§ **INSTRUCTIONS TO FOLLOW**
Using the material below, print the line that contains "2 сувенирный корабль", the line that contains "teşrif ile siparişâtta", and every line in between, exactly and nothing else.

§ **THE RECORDS**
Segment Open
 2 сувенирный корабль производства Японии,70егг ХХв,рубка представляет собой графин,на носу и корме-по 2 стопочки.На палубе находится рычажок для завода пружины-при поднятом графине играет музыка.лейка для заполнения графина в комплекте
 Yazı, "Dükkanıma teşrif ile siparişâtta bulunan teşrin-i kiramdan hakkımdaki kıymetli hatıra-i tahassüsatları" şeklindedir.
Segment Closed
Segment Open
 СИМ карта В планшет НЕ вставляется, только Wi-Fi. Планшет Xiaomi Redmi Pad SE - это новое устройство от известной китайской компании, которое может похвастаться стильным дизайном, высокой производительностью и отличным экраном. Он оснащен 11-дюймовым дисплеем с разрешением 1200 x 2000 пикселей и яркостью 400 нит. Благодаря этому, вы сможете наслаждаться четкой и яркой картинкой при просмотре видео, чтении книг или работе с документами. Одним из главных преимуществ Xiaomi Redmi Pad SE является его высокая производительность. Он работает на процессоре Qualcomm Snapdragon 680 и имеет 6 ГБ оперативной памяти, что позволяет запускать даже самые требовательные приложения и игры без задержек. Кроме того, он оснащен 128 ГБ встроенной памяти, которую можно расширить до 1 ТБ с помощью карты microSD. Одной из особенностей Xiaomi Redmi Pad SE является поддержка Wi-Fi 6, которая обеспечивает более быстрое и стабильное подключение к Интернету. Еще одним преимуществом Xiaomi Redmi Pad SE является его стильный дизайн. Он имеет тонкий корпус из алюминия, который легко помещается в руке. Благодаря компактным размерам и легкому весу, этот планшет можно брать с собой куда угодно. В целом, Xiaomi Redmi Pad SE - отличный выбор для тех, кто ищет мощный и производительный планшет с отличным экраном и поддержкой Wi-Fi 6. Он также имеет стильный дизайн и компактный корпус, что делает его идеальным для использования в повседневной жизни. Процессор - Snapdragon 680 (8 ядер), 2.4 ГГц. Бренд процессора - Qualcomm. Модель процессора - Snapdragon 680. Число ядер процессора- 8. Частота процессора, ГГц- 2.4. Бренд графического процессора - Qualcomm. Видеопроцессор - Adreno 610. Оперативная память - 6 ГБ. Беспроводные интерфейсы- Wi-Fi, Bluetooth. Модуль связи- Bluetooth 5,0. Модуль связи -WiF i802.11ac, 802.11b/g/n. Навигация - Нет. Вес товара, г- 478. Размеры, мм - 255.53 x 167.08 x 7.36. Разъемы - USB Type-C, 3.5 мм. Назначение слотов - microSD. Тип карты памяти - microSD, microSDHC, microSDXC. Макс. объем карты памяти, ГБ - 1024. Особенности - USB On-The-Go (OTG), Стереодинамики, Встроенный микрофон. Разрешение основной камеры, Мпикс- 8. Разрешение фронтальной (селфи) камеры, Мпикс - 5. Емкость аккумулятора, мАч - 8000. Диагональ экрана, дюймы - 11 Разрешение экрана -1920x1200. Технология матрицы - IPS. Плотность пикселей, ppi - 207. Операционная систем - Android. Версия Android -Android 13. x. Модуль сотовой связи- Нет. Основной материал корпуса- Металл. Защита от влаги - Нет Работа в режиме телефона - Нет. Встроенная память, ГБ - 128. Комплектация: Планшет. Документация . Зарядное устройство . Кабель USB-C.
Segment Closed
§ **OUTPUT OF THE TASK**
 2 сувенирный корабль производства Японии,70егг ХХв,рубка представляет собой графин,на носу и корме-по 2 стопочки.На палубе находится рычажок для завода пружины-при поднятом графине играет музыка.лейка для заполнения графина в комплекте
 Yazı, "Dükkanıma teşrif ile siparişâtta bulunan teşrin-i kiramdan hakkımdaki kıymetli hatıra-i tahassüsatları" şeklindedir.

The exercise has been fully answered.